Granny could see, and her pale hand came up and her chin up, and it was an order. So Ronnie Mungo—who had constituted himself Granny’s aide-de-camp, somehow—with a closed obedient look on his face, bent over and to
uched Wendy on her nape.
Wendy was on her feet, like a rocket. “Who touched me?” she screamed. “Who touched me?”
Chapter Sixteen
MRS. BECK was roused from stupor to alarm at the piercing sound of Wendy’s voice.
Oh, no, no! No, no! She knew that note. What could she do? How could she stop it? She twisted, and lifted, and pain was brutal, but her hand got all the way up to the knob.

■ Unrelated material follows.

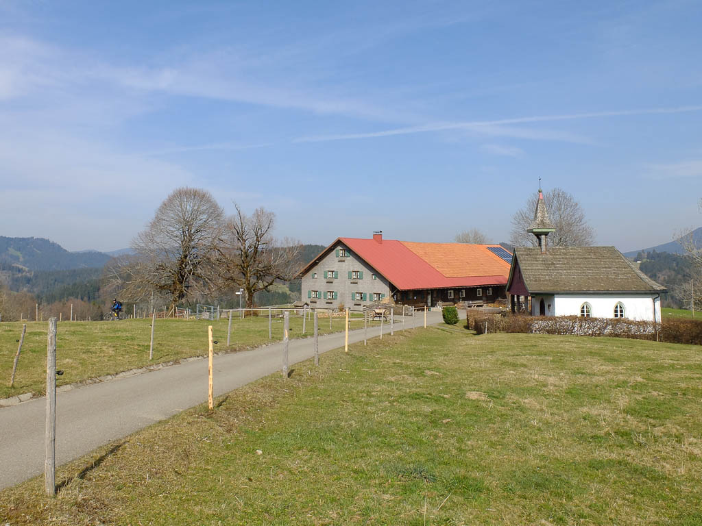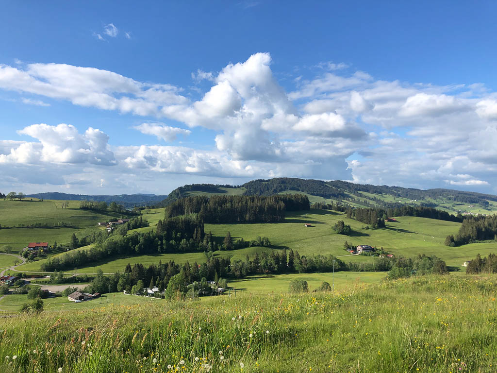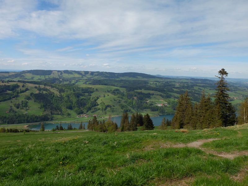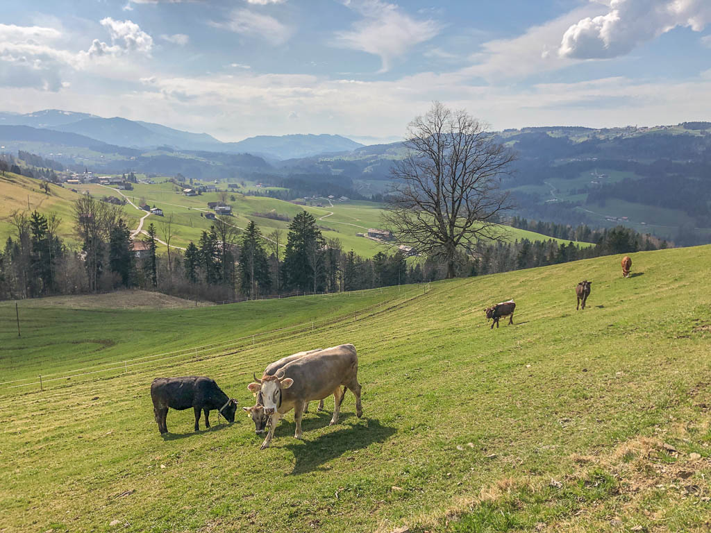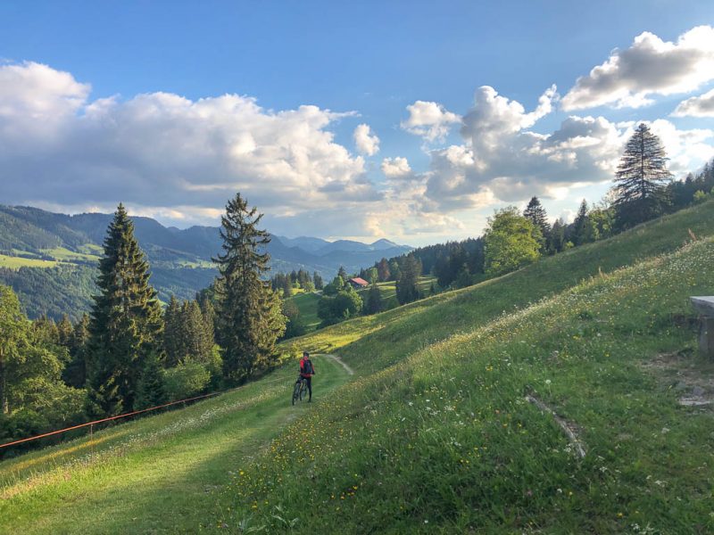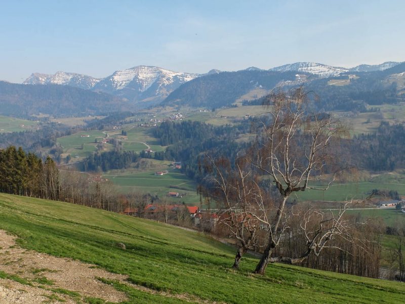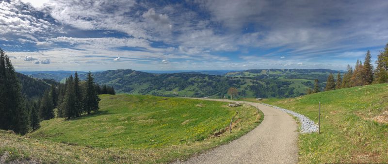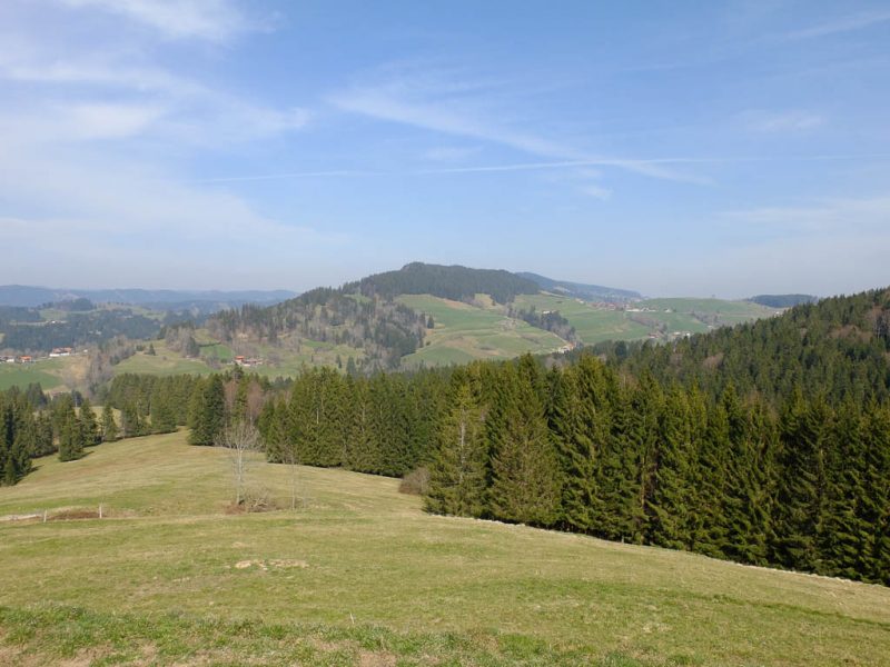 Ich war noch nie auf der Thaler Höhe und so bin ich überrascht von der wunderbaren Aussicht, die man von hier hat. Der Blick von der Thaler Höhe auf die Neuschwand-Alpe, im Hintergrund ragen Hochgrat und Rindalphorn auf:
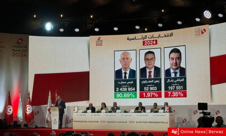 وأضافت الهيئة، في بيان لها، أن المترشح قيس سعيد تحصل على 90.69%، فيما تحصل منافسه العياشي زمال على 7.35% من الأصوات، أما المترشح الثالث زهير المغزاوي فقد تحصل على 1.79% من أصوات المقترعين.

Ronnie moved to take hold of Wendy but she went whirling. She whirled back. “Ronnie …” A high shrill hysteria. “Let’s go. Why can’t we go?”
But now Granny had her ears turned on. “Wendy, you absolutely cannot elope. It would not do, at a time like this. Will someone kindly give that child a pill or a shot or something? Where is Dr. Brewster? I called him hours ago. Where is Mrs. Beck, for pity’s sakes? We pay the woman. Teddy …?”
Ted had come out of the east wing, blinking.
“We couldn’t find Mrs. Beck, Mother,” he said, querulously, and then, “Charles?”
Wendy whirled. Tyler was there. Conrad, behind him, was poised, watching, with his hand on the knob of the cellar door.
Wendy spun. She threw out her right arm, taut, to its fullest extension. “Look! It’s the madman! He’s inside, Daddy! Don’t let him hurt me anymore?”
She ran. In panic. Her small feet were quick in her ridiculous little shoes. She ran straight on, toward Harold. She veered. She ran toward the two men in white coats, who waited respectfully at the bottom of the foyer steps. She veered, reversed, and ran up the stairs.
Ronnie had been drawn after her. He called up, standing under the balcony, “Oh, come off it, Wendy,” like a man who had had enough, and more.
Wendy shrilled down. “You all don’t think he’s dangerous? Well, you are stupid! All of you!”
Wendy ran on upward, a flash of bright blue, vanishing like a brilliant bird in flight.
Or a bright bead, sliding …
And Granny screamed.
The light was bright enough to hurt, when the man opened the door and Mrs. Beck slumped forward. There was a commotion. Seemed like a lot of men. Her arm, her whole side, hurt like sixty. Two of the men were like doctors. She didn’t quite pass out under their ministrations. She knew she’d better not. Oh, it didn’t hurt to play as weak as she liked, until she saw a chance. Or saw whether she had a chance—as she thought she might. After all. After all. If you’re lucky—and if you are shrewd, of course, besides.